Experimental confirmation of proton conductivity predicted from intermolecular hydrogen-bonding in spatially-confined novel histamine derivatives

The new compounds with one (N-(2-(1H-imidazole-4-yl)ethyl)benzamide; A1), two (N,N′-bis(2-(1H-imidazole-5-yl)ethyl)terephthalamide; A2) and three (N,N′,N″-tris(2-(1H-imidazole-5-yl)ethyl)benzene-1,3,5-tricarboxamide; A3) histamine units were synthesized with an expectation of the realization of high proton conductivity in a high temperature region in the presence of imidazole groups. The X-ray crystal structure analysis revealed the network structures of the strong intra- and intermolecular hydrogen bonds. The thermal degradation temperatures were much higher than those for the original histamine. The proton conductivities of the single crystals were measured in a wide temperature range. The results of these three compounds were shown at different temperatures. Referring to the crystal structure, the water molecules are confined in a local position and the protons cannot spread freely over the whole crystal lattice.
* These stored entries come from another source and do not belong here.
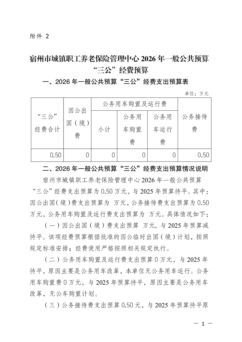 宿州市城镇职工养老保险管理中心2026年三公经费预算公开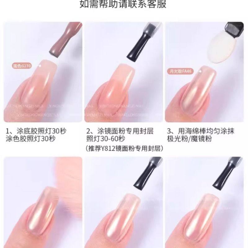 网红天空之境美甲极光粉海莉同款珍珠白月光香槟金银色镜面魔镜粉
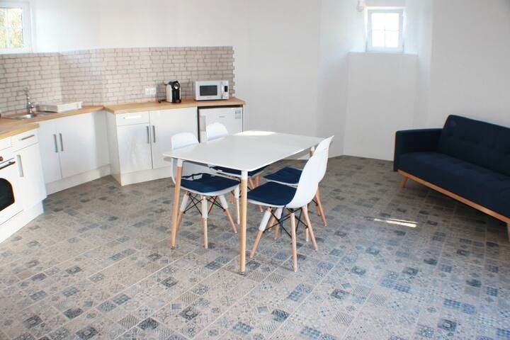 Kom i kontakt med naturen på denne uforglemmelige ferien. De to minihusene våre ligger midt i jordbrukslandskap på en hesteoppdrettsgård 400 meter fra en av de beste surfestrandene i området. Containerenheten er privat, kun for deg. Inngangen er via underrommet. Dette solrommet, samt vaskerom, hage og bakkontor/oppbevaringsplass, deles med den andre enheten (to personer). Det lokale samfunnet vårt tilbyr også en liten lokal strandbar, et pizzasted og et mikrobryggeri og en hamburgerrestaurant.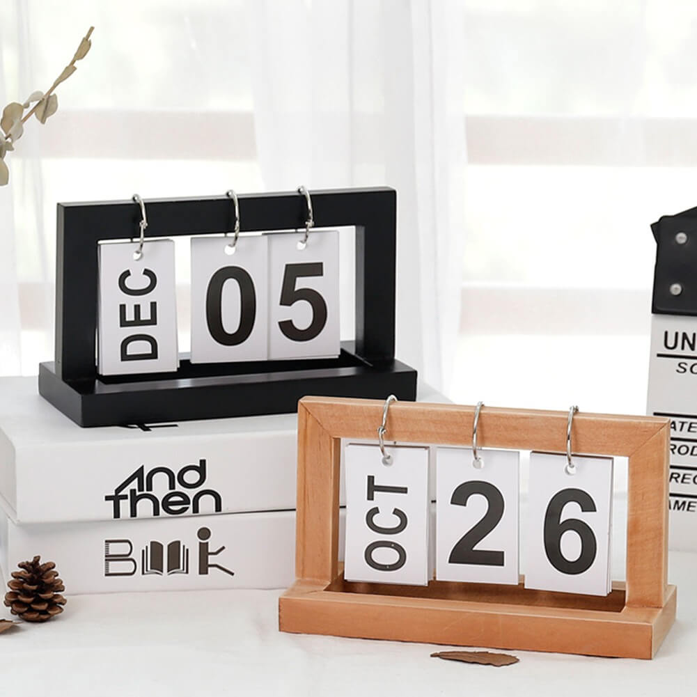 Ozdób swoje biurko tym drewnianym kalendarzem z przewracanymi kartkami. Śledź datę z łatwością i w...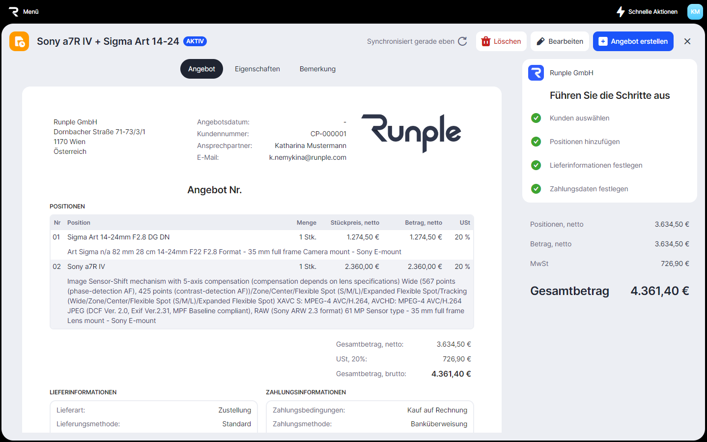 Die blaue Mail zeigt an, dass die Angebots-E-Mail gesendet wurde.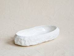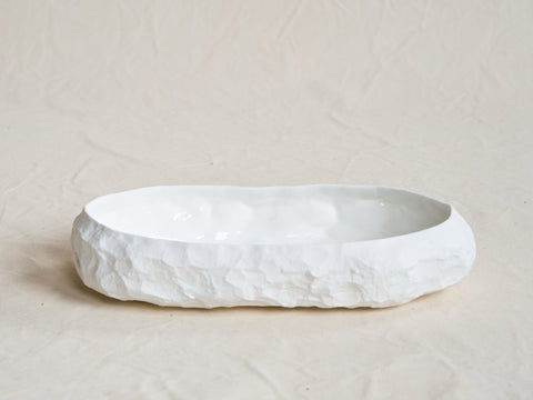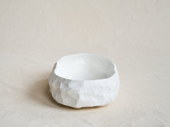 A collection of fine bone china tableware slip-cast from plaster models carved by hand, with glazed interior for functionality and raw exterior reflecting the modest surface texture of the plaster original.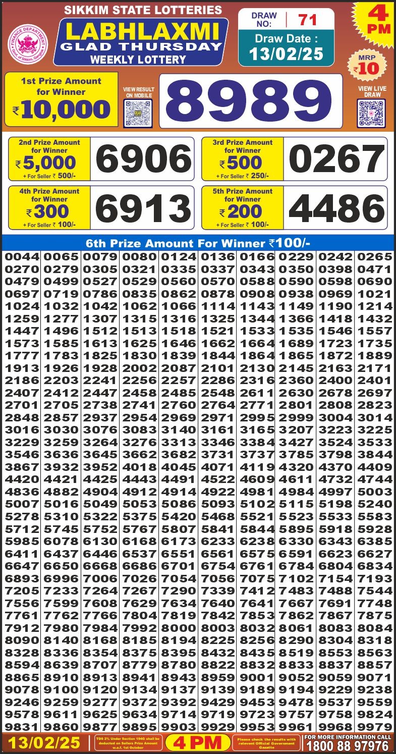 Labh Laxmi Glad weekly 4PM Result 13.2.25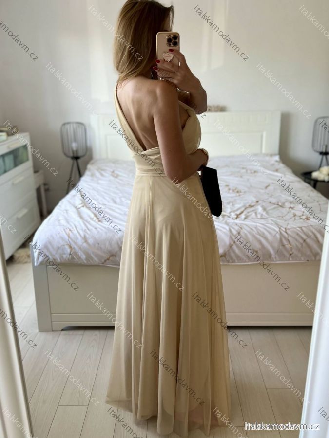 Šaty dlouhé elegantní společenské bez rukávu dámské (S/M ONE SIZE) ITALSKÁ MÓDA IMPSH223623/DUR béžová S/M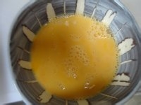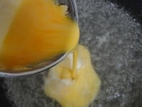 4.蛋液放入锅中。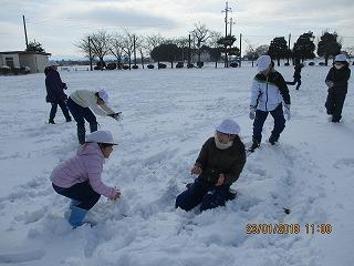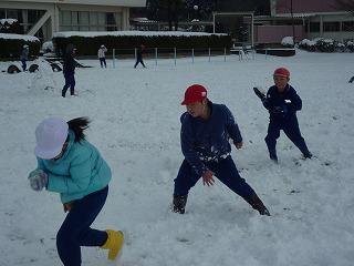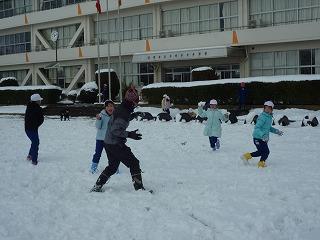 広い校庭いっぱいに子供達が遊んでいました。先生と子供が一緒になって、雪合戦、雪だるま作りなどを楽しみました。歓声と笑い声が響いていました。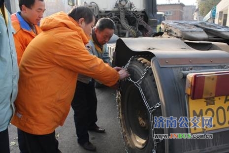 为确保冬季恶劣天气各类物资运输的顺利进行,近日,物资公司危险品运输车队组织开展防滑链安装演练。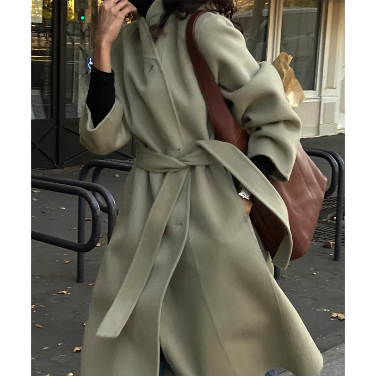 ブラウンベルト付きロングコート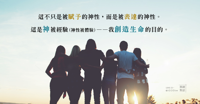 這是被表達(expressed)的神性,而不只是被賦予(bestowed)。這是「神」被經驗(神性被體驗)——而這是我創造生命本身的目的。

In this way, the information from X-ray analyzed crystal structure allowed us to predict the proton transfer behaviors of these compounds, which were confirmed by performing the proton conductivity experiment. [Display omitted] •Crystal packing modes of a series of novel molecules with the plural histamine units confined have been investigated.•Proton conductivities are speculated by investigating the detailed structural hydrogen-bonds formation.•High thermal properties are achieved corresponding to the strong hydrogen bonding network among neighboring molecules.•Proton conductivity of the packing model containing water molecule is supposed to occur by the Grotthuss-type mechanism.